Your Horror: Our Photo

Jon Snow, the Channel 4 news presenter, who has anchored several broadcasts about Sri Lanka’s civil war, including the now well known ‘killing fields’ ‘documentary,’ always turns aside in a grave and pained way, before he airs a clip: this film he says, contains ‘very disturbing’ images of ‘death, injury and execution.’ Indeed, this may seem required and important or even ordinary and mundane as a warning, given it is a public television broadcast, but I’ve been struck by it every time I’ve heard it. There is a lot more to this statement than is apparent at first.
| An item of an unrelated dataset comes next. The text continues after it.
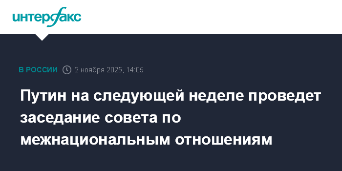 Москва. 2 ноября. INTERFAX.RU - Президент РФ Владимир Путин на следующей неделе посетит один из российских регионов, в его планах также проведение заседания совета по межнациональным отношениям.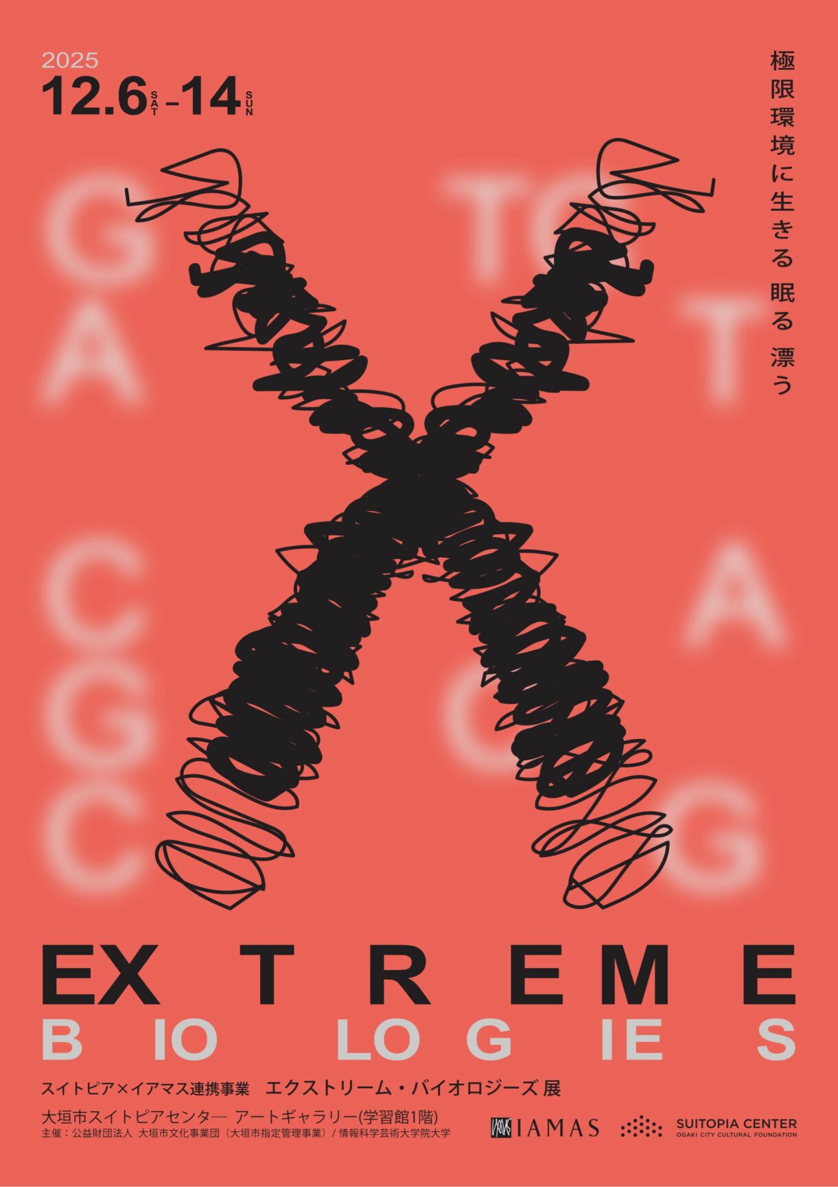 2025年12月6日から14日まで大垣市スイトピアセンター アートギャラリーにて、スイトピア×イアマス連携事業「エクストリーム・バイオロジーズ展 ― 極限環境で生きる、眠る、漂う」が開催されます。本展は本学のプロジェクト活動であるエクストリーム・バイオロジーズについての研究活動の紹介、作品制作、ワークショップの記録などを展示します。

Broadcasts like the ‘killing fields’ documentary are part of a genre of Euro-American journalism that is as old as Vasco de Gama and Columbus, refined through the practice of anthropology in later centuries; they are about exotic horrors in places Conrad called, critically, the ‘heart of darkness,’ which are not just physically distant from the living room of an Englishman watching TV. These places, the way this story is told, are morally distant as well. They are really for that kind of journalism in another world where natives keep killing each other, not knowing why and not caring why either. Snow, or the viewer he is trying to reach, has supposedly not lived through these horrors, hasn’t seen them before, and certainly, has never, ever, been responsible for something remotely like it. That’s why he can safely say, the images you are about to see, are going to be ‘very disturbing.’ They are, what Arjun Appadurai has called, a ‘moral elsewhere.’

Monopoly
This is really all untrue, of course. No one has a monopoly on horror, be it that of Auschwitz, Hiroshima or Bhopal, or a rape or a killing, in England or in Sri Lanka. We’ve all seen it, all lived through it, and are, I would say, in an extended sense responsible for it. Last week in these columns, I offered my own suggestions on how we should address the aftermath of that horror and how we could try to begin to be reconciled with such.
But Euro-American journalists also use their disclaimers not only to sanitise their own ‘moral’ universes of ‘horror’ but also to disassociate themselves, their histories and their institutions with any responsibility for the horror they are depicting. It’s out there, of course, we had nothing to do with it, ‘its them Sinhalese and Tamils, they just killed each other.’ Sigh. Disturbing, but it’s true, and here is a photograph. Gone now is any trace of a colonial past, of divide and rule, of deliberate communal representation, but also of more modern times, arms sales and training, of this side and that, all done of course, in someone else’s name. It wasn’t us.

Unarmed man
It is this same logical cycle that we saw, live and quick, writhing before us on TV screens and the Euro American press, inscribed in the images, still and moving, of Gaddafi’s last moments. Every channel, every newspaper showed the photograph. Of course, they said it was disturbing. Then they showed it some more, and then, surprise! A big debate breaks out: ‘Was it too graphic?’ ‘Should we have shown it?” ‘Were we really grave and somber enough to show it?’ In fact, it was not surprise to me, and most of you I would take it, that such a question began to displace what you may have thought was the more urgent one, ‘should an unarmed man who was pleading for his life have been killed?’ For quite some days, the first question of ‘should we have really ‘disturbed’ ourselves,’ over shadowed the second.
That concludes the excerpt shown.